- _Directions_: The entries need to be copied exactly as they stand, images left out.

***** Raw data *****

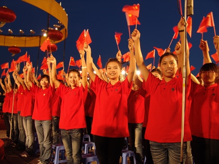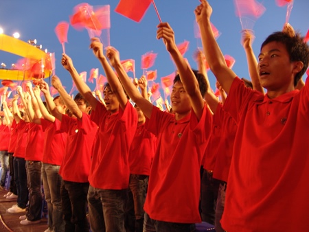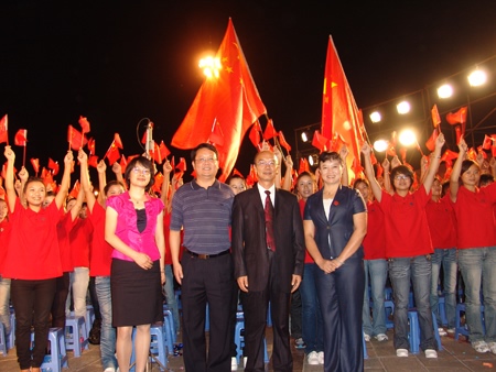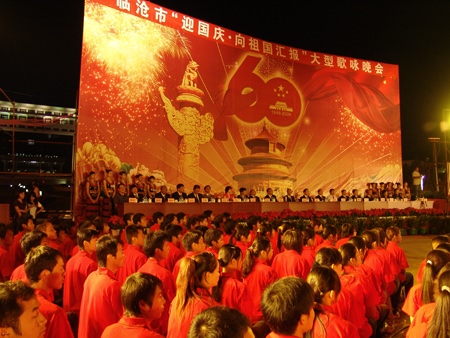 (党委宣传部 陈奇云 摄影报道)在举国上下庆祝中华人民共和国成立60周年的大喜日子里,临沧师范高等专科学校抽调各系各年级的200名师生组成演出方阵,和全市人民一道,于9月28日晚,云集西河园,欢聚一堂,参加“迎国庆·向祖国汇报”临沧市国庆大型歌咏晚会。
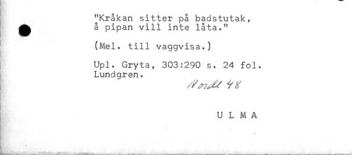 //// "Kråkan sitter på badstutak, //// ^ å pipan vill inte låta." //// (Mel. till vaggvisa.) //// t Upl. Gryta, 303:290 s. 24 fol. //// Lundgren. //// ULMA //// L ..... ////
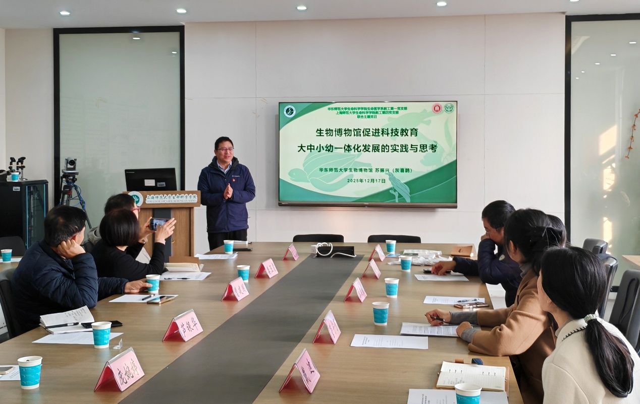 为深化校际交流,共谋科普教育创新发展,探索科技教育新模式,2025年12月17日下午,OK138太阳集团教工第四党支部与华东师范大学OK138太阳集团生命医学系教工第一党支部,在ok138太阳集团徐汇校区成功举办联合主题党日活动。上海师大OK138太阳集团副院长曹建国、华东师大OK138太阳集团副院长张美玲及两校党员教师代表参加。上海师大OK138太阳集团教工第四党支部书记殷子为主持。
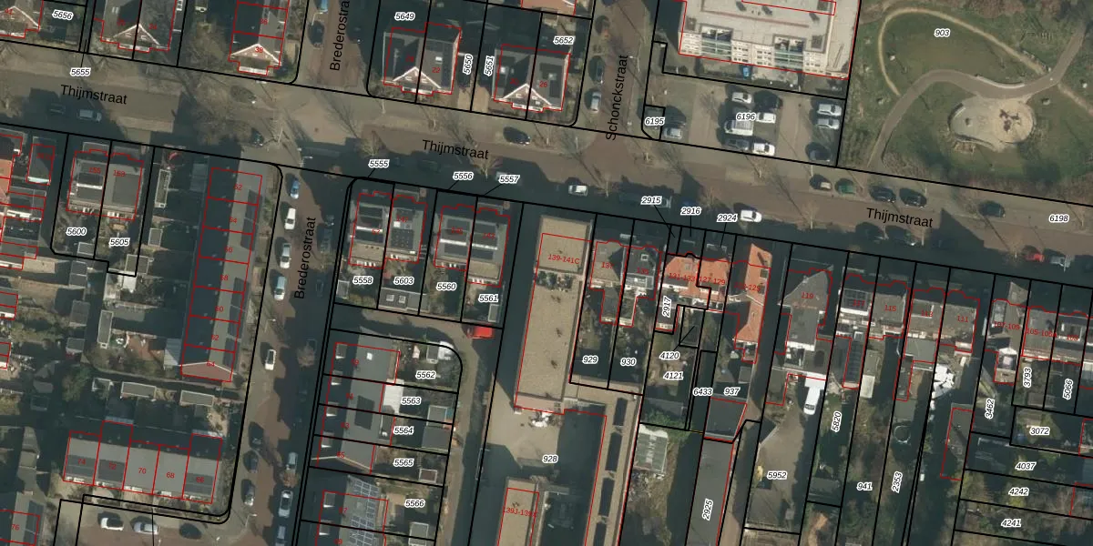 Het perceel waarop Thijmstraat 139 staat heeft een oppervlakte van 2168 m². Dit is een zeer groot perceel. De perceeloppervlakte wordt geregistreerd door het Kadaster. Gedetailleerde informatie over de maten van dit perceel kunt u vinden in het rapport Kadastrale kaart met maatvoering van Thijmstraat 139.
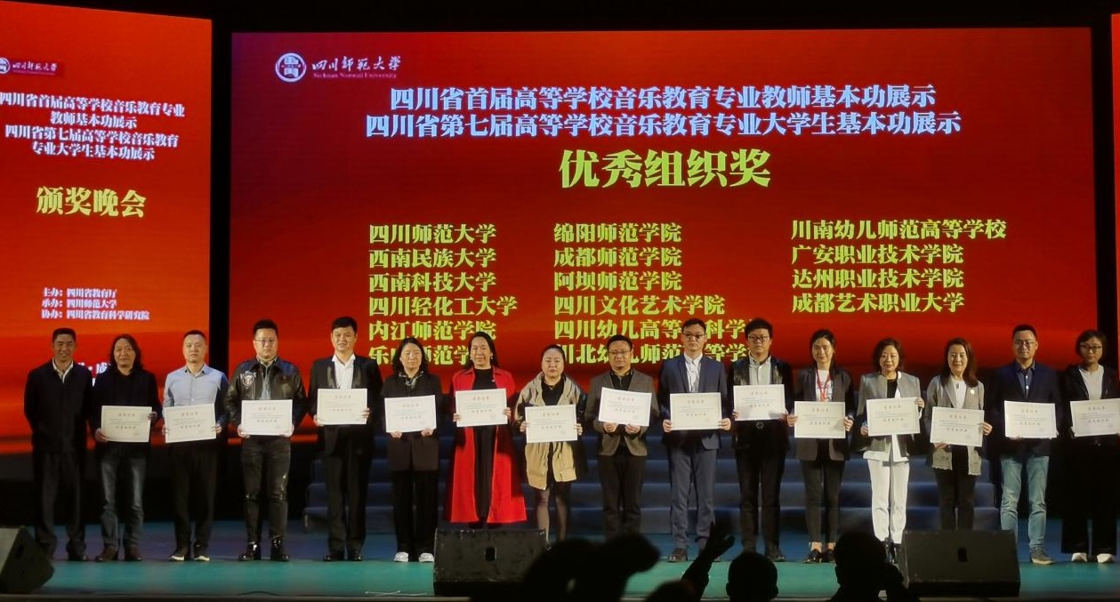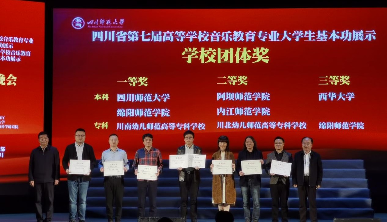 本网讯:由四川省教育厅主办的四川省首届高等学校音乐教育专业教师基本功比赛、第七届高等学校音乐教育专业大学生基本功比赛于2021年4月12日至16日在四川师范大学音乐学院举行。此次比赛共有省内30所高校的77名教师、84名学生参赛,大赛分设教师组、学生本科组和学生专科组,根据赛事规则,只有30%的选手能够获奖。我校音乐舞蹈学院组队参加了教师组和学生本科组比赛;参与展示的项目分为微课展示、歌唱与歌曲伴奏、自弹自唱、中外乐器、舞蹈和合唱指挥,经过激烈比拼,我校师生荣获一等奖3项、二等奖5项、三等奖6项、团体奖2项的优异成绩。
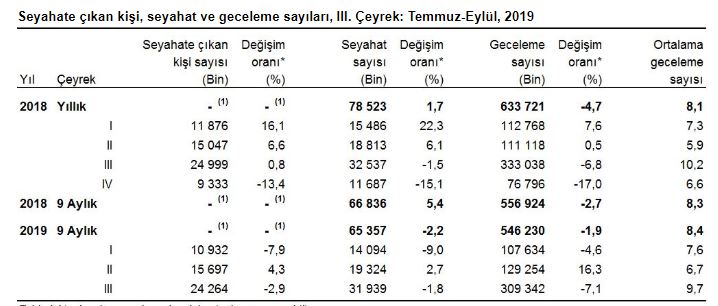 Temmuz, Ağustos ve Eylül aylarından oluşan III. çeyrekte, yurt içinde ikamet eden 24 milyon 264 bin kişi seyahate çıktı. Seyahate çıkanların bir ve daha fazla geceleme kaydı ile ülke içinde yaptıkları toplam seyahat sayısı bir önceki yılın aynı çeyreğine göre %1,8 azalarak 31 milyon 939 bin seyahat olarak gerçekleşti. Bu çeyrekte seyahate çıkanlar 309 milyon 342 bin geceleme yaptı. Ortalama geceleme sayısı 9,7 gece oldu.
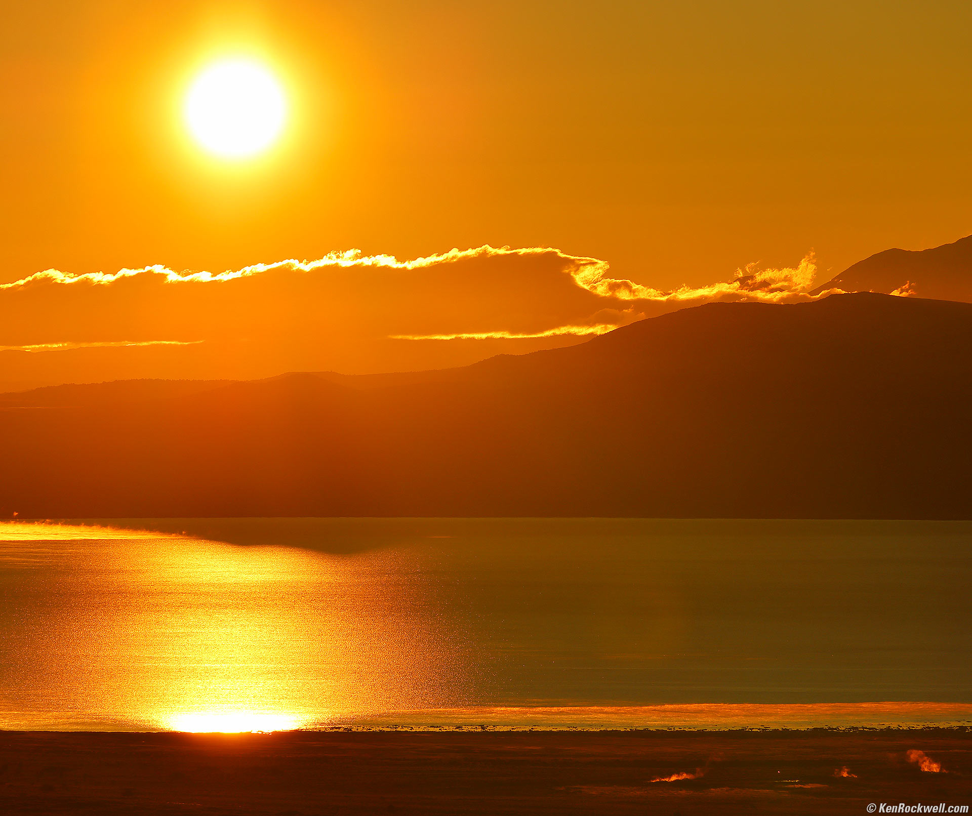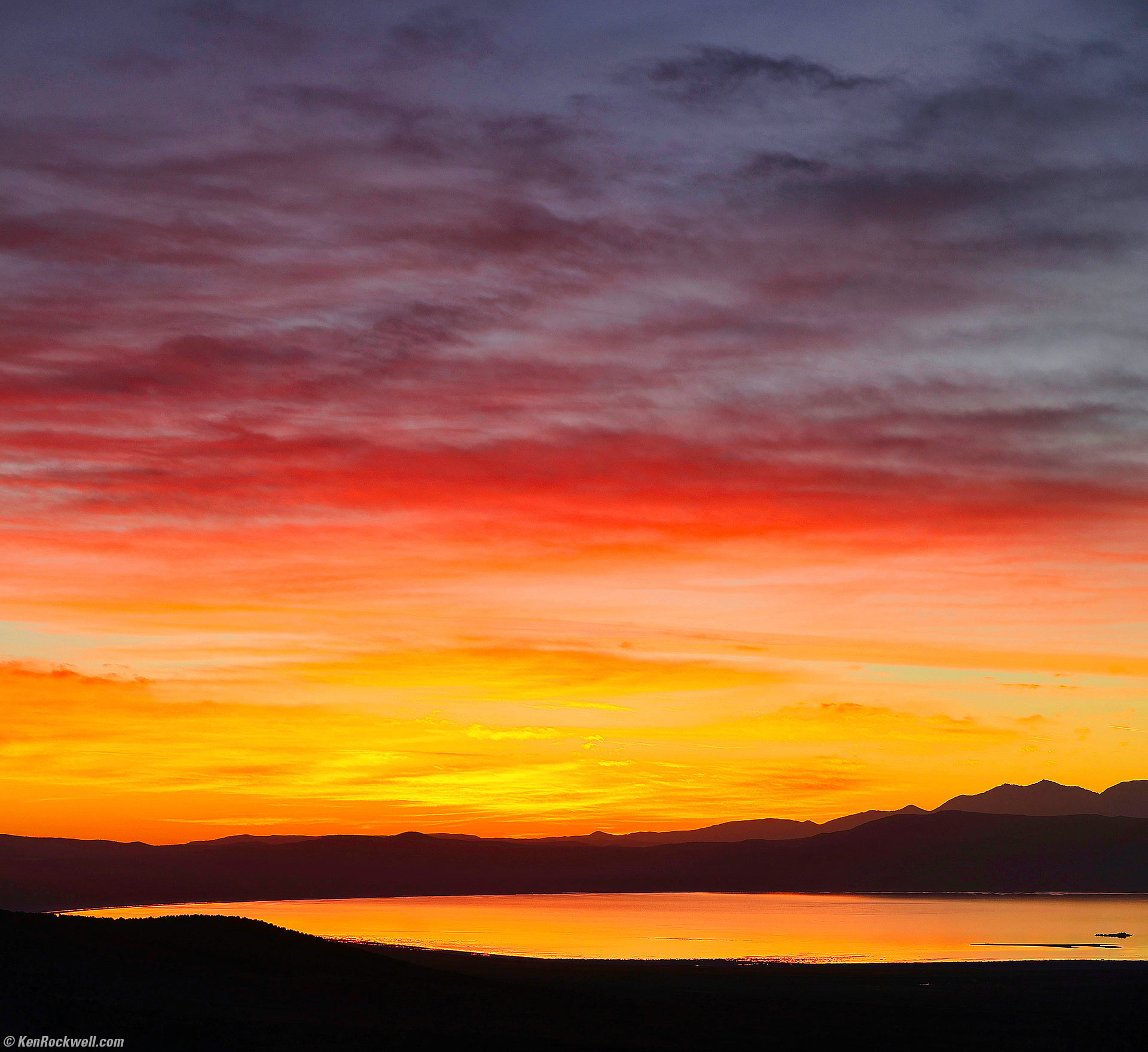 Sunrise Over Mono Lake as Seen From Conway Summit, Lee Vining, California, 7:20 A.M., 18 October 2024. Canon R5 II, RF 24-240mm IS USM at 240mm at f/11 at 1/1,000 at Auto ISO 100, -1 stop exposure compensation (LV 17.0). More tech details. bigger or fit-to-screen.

*****

- _Expected answer_:
 (党委宣传部 陈奇云 摄影报道)在举国上下庆祝中华人民共和国成立60周年的大喜日子里,临沧师范高等专科学校抽调各系各年级的200名师生组成演出方阵,和全市人民一道,于9月28日晚,云集西河园,欢聚一堂,参加“迎国庆·向祖国汇报”临沧市国庆大型歌咏晚会。
 //// "Kråkan sitter på badstutak, //// ^ å pipan vill inte låta." //// (Mel. till vaggvisa.) //// t Upl. Gryta, 303:290 s. 24 fol. //// Lundgren. //// ULMA //// L ..... ////
 为深化校际交流,共谋科普教育创新发展,探索科技教育新模式,2025年12月17日下午,OK138太阳集团教工第四党支部与华东师范大学OK138太阳集团生命医学系教工第一党支部,在ok138太阳集团徐汇校区成功举办联合主题党日活动。上海师大OK138太阳集团副院长曹建国、华东师大OK138太阳集团副院长张美玲及两校党员教师代表参加。上海师大OK138太阳集团教工第四党支部书记殷子为主持。
 Het perceel waarop Thijmstraat 139 staat heeft een oppervlakte van 2168 m². Dit is een zeer groot perceel. De perceeloppervlakte wordt geregistreerd door het Kadaster. Gedetailleerde informatie over de maten van dit perceel kunt u vinden in het rapport Kadastrale kaart met maatvoering van Thijmstraat 139.
 本网讯:由四川省教育厅主办的四川省首届高等学校音乐教育专业教师基本功比赛、第七届高等学校音乐教育专业大学生基本功比赛于2021年4月12日至16日在四川师范大学音乐学院举行。此次比赛共有省内30所高校的77名教师、84名学生参赛,大赛分设教师组、学生本科组和学生专科组,根据赛事规则,只有30%的选手能够获奖。我校音乐舞蹈学院组队参加了教师组和学生本科组比赛;参与展示的项目分为微课展示、歌唱与歌曲伴奏、自弹自唱、中外乐器、舞蹈和合唱指挥,经过激烈比拼,我校师生荣获一等奖3项、二等奖5项、三等奖6项、团体奖2项的优异成绩。
 Temmuz, Ağustos ve Eylül aylarından oluşan III. çeyrekte, yurt içinde ikamet eden 24 milyon 264 bin kişi seyahate çıktı. Seyahate çıkanların bir ve daha fazla geceleme kaydı ile ülke içinde yaptıkları toplam seyahat sayısı bir önceki yılın aynı çeyreğine göre %1,8 azalarak 31 milyon 939 bin seyahat olarak gerçekleşti. Bu çeyrekte seyahate çıkanlar 309 milyon 342 bin geceleme yaptı. Ortalama geceleme sayısı 9,7 gece oldu.
 Sunrise Over Mono Lake as Seen From Conway Summit, Lee Vining, California, 7:20 A.M., 18 October 2024. Canon R5 II, RF 24-240mm IS USM at 240mm at f/11 at 1/1,000 at Auto ISO 100, -1 stop exposure compensation (LV 17.0). More tech details. bigger or fit-to-screen.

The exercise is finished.